(Records contained in a dataset)
--

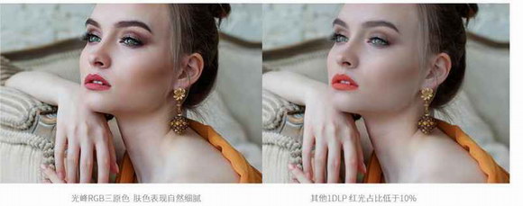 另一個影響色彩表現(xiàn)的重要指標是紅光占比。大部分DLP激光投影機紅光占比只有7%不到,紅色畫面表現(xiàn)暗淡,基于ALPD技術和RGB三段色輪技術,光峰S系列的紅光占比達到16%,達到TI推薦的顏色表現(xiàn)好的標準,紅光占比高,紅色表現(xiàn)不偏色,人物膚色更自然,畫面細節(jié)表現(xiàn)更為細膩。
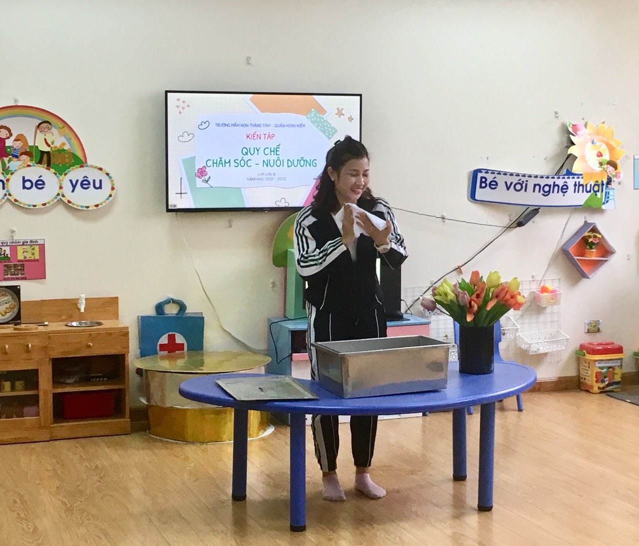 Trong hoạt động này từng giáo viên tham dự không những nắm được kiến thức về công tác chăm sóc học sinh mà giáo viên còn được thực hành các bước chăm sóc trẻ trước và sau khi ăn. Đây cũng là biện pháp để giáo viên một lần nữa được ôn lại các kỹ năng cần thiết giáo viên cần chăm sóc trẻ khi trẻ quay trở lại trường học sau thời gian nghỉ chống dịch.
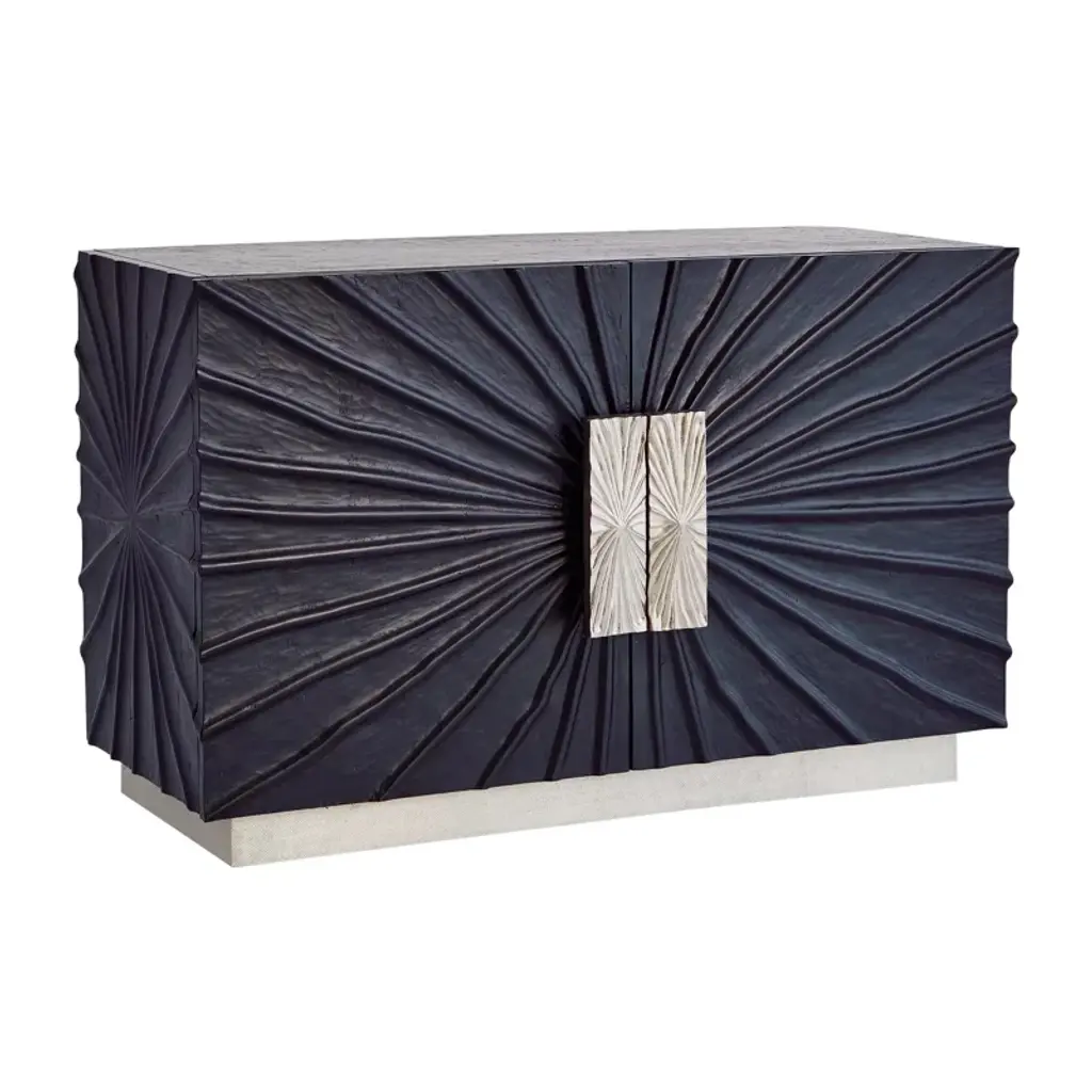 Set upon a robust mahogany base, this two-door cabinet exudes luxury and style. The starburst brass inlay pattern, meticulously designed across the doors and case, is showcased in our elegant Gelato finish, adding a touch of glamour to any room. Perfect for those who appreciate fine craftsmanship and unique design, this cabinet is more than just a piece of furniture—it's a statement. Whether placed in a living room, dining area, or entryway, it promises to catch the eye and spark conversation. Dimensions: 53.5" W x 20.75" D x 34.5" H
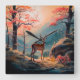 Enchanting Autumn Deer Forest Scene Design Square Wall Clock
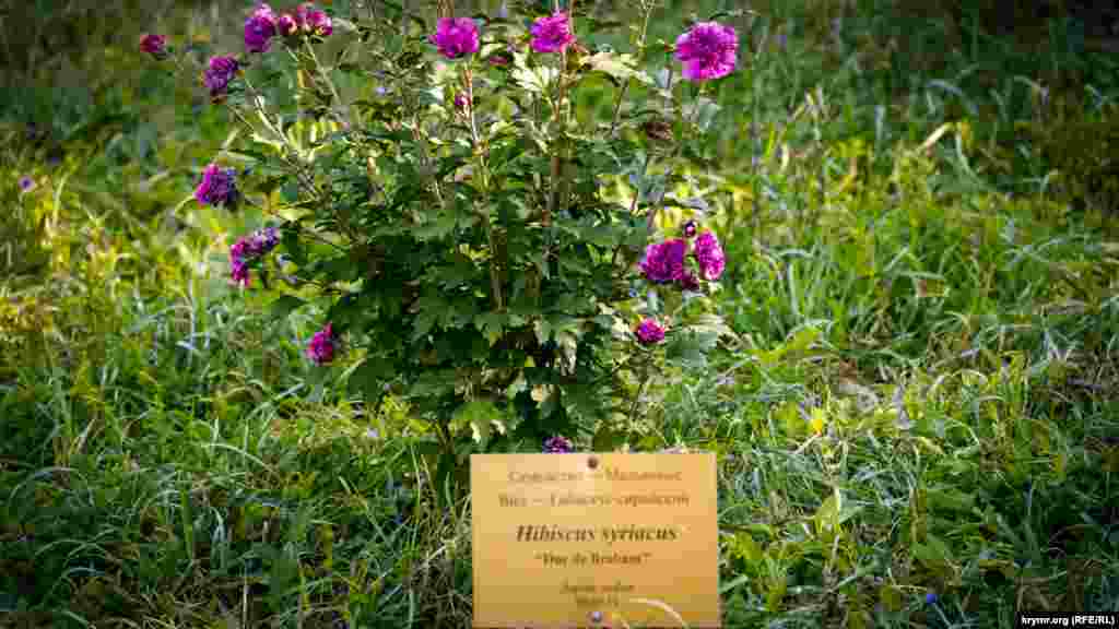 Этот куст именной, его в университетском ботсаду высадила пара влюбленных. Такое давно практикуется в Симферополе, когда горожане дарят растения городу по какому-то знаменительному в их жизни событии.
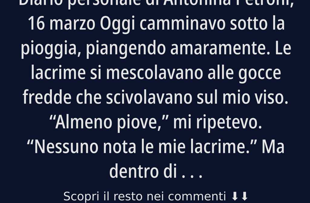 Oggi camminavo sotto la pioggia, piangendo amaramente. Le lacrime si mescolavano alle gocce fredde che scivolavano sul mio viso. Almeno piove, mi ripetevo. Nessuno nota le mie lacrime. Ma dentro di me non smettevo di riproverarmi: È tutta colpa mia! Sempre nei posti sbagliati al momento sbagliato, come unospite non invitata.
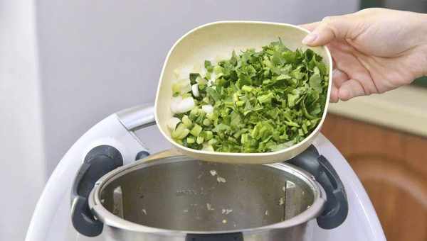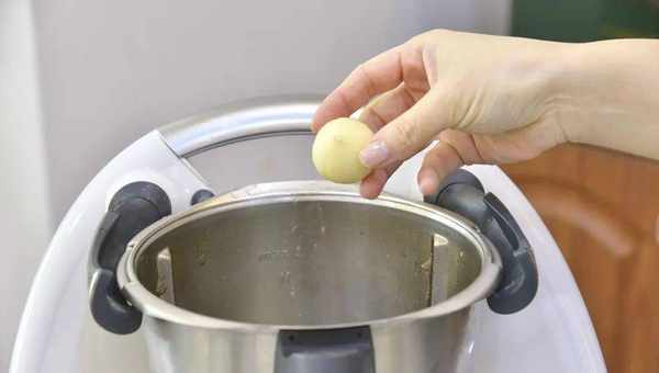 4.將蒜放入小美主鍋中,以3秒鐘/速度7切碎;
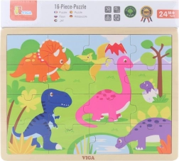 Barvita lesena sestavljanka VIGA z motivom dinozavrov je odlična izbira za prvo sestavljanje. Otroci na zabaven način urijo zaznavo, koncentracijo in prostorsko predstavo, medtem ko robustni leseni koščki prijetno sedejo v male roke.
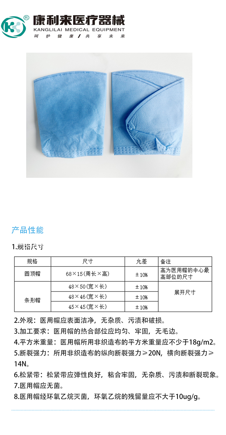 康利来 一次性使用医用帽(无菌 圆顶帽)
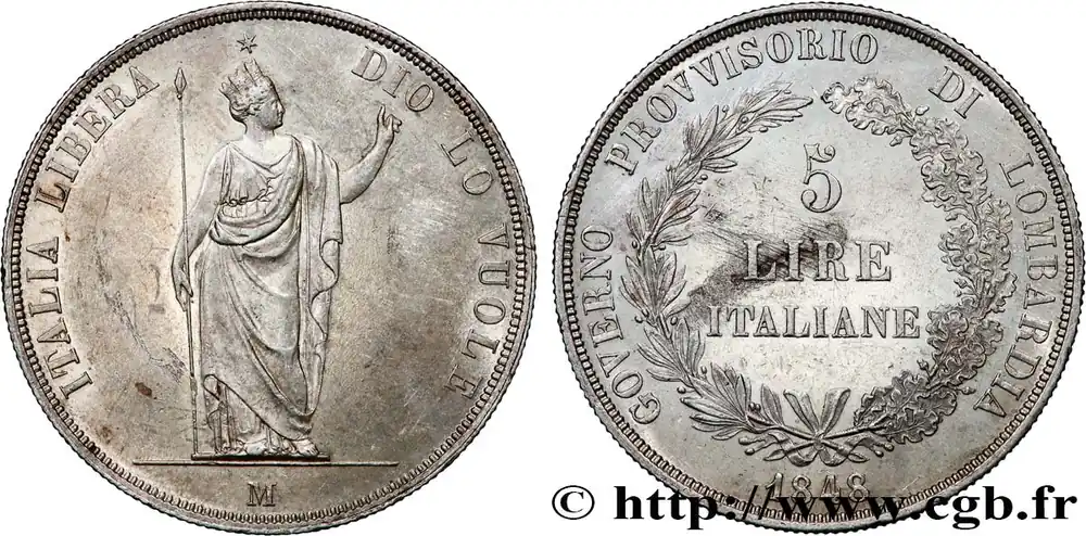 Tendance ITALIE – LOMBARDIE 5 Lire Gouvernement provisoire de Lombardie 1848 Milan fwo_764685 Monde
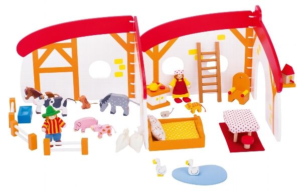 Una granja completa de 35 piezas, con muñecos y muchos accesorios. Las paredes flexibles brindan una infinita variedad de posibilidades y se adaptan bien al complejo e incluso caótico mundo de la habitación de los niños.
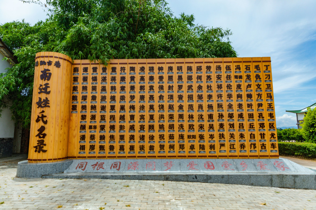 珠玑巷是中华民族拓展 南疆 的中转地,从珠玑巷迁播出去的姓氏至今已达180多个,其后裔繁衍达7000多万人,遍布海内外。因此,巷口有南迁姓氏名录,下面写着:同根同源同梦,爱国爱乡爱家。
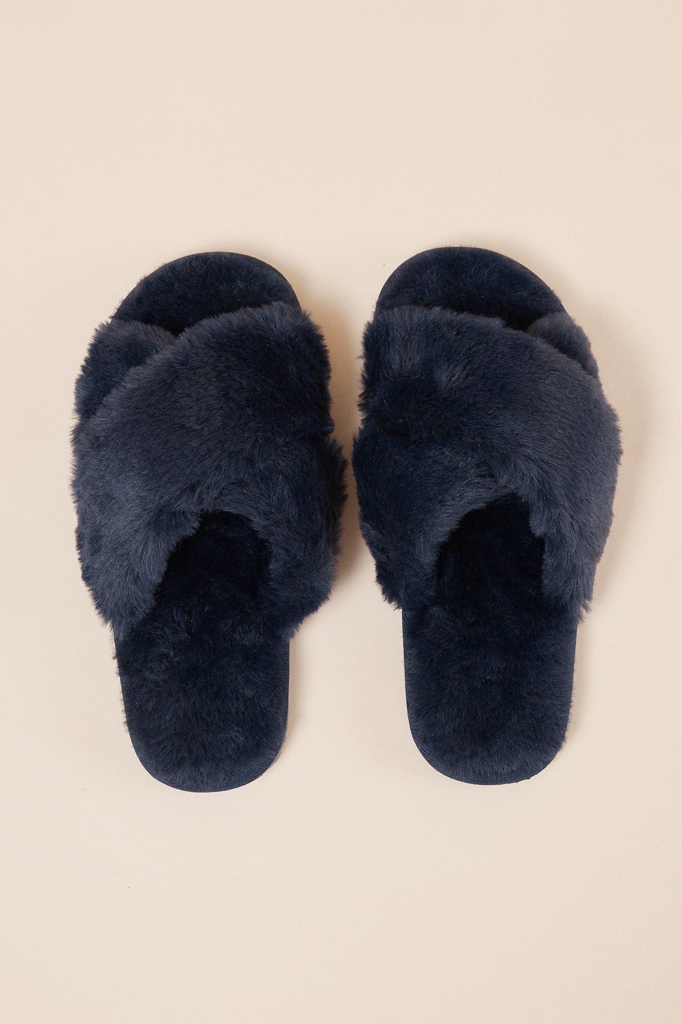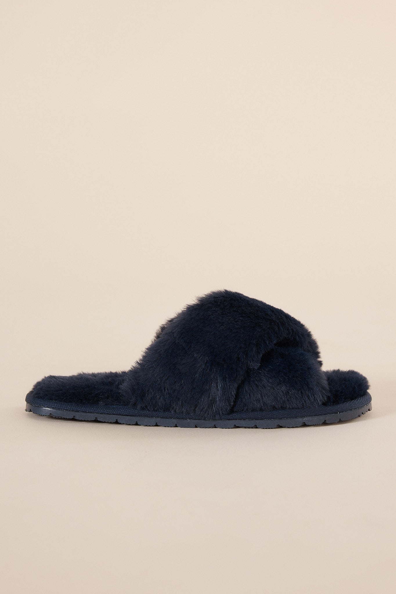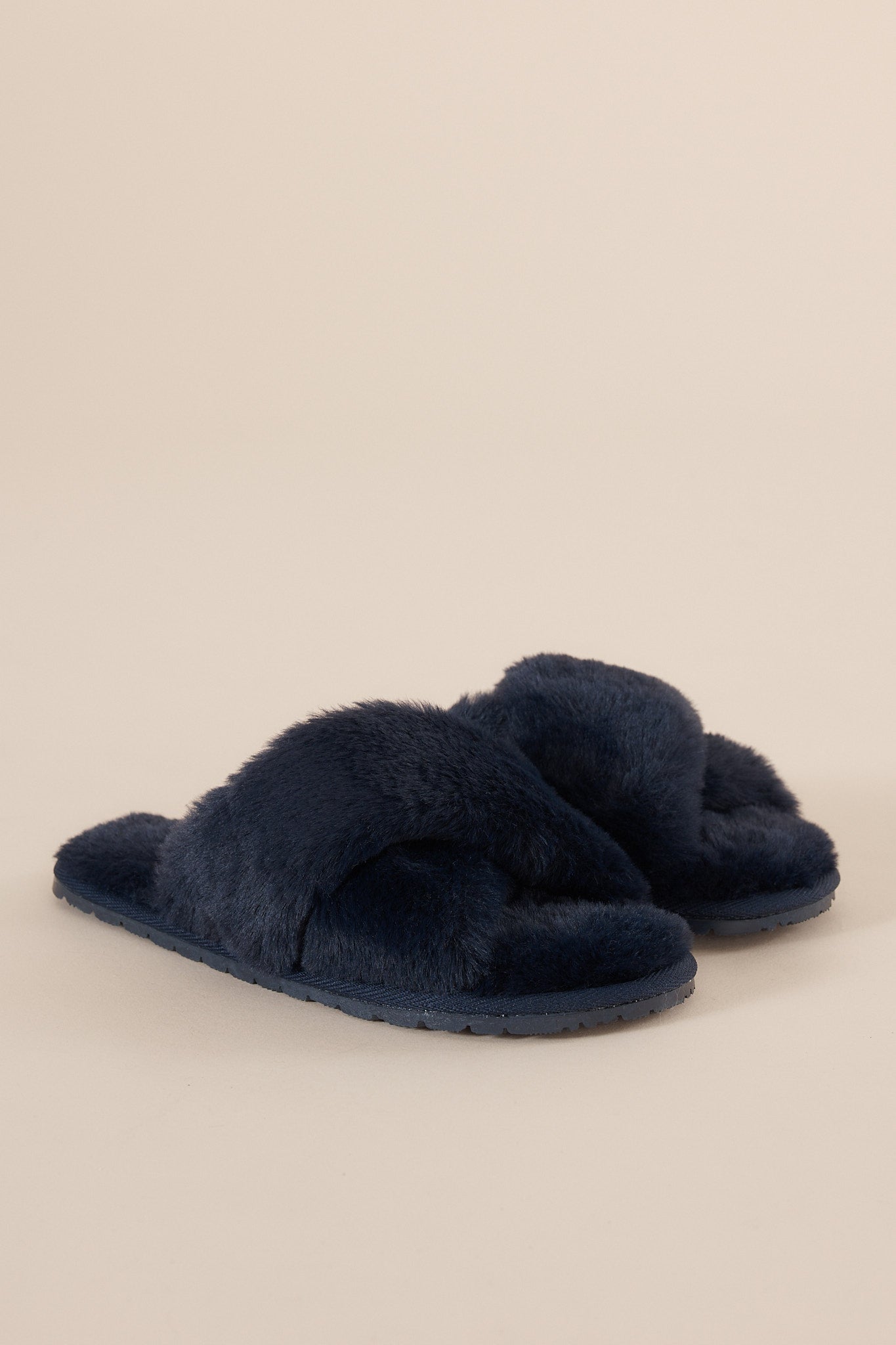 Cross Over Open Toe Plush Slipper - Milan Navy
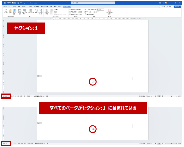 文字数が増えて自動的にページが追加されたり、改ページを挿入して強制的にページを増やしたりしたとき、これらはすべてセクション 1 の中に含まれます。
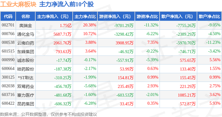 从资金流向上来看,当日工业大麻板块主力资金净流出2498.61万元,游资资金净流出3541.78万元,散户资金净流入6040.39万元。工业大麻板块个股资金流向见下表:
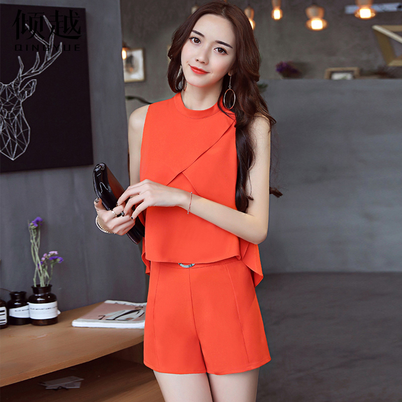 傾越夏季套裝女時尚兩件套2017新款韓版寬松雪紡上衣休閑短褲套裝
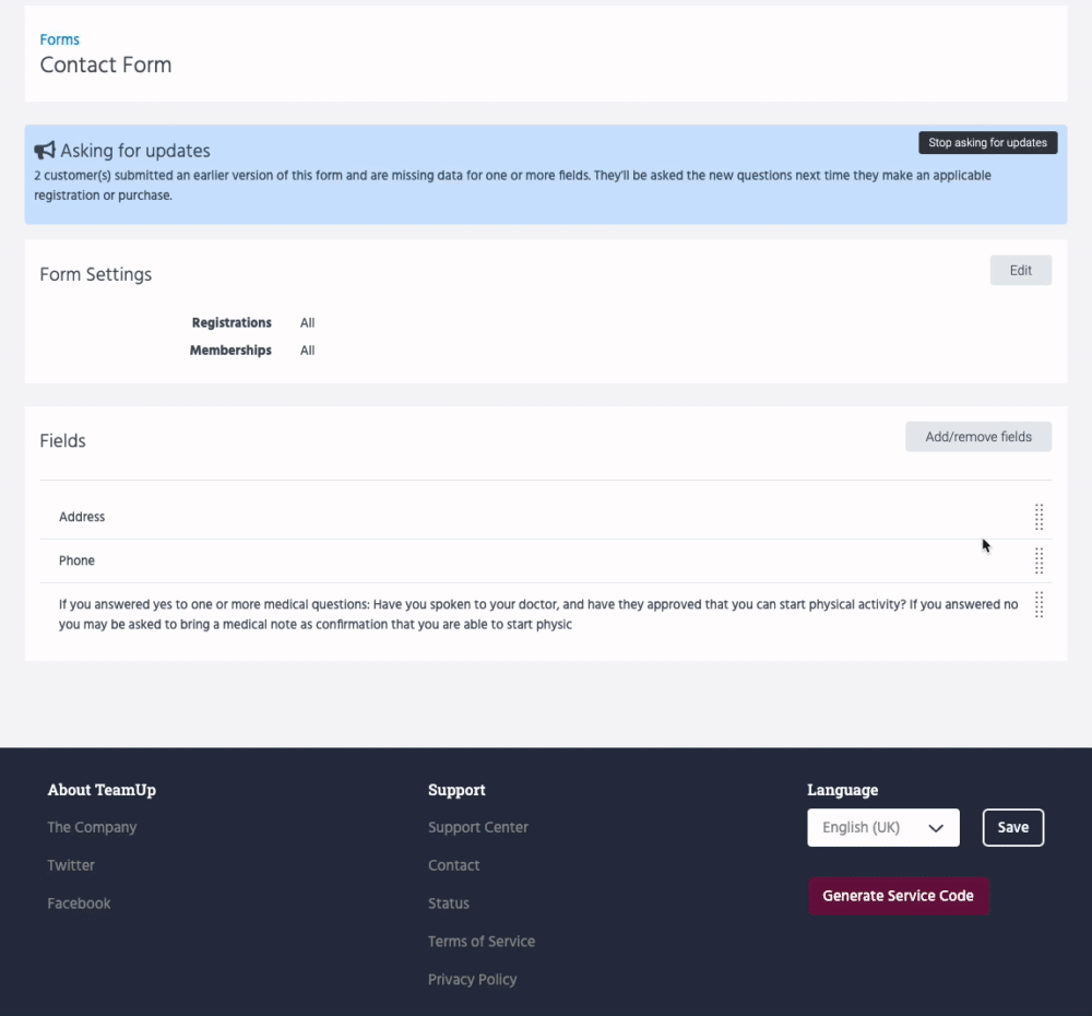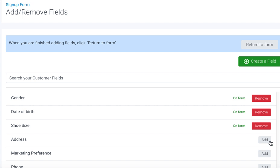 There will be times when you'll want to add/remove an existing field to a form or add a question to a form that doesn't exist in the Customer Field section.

--

### Problem to work on
Copy exactly the lines from the line containing "从资金流向上来看,当日工业大" through the last line of the records above, both included, and leave out any pictures.

### Output
 从资金流向上来看,当日工业大麻板块主力资金净流出2498.61万元,游资资金净流出3541.78万元,散户资金净流入6040.39万元。工业大麻板块个股资金流向见下表:
 傾越夏季套裝女時尚兩件套2017新款韓版寬松雪紡上衣休閑短褲套裝
 There will be times when you'll want to add/remove an existing field to a form or add a question to a form that doesn't exist in the Customer Field section.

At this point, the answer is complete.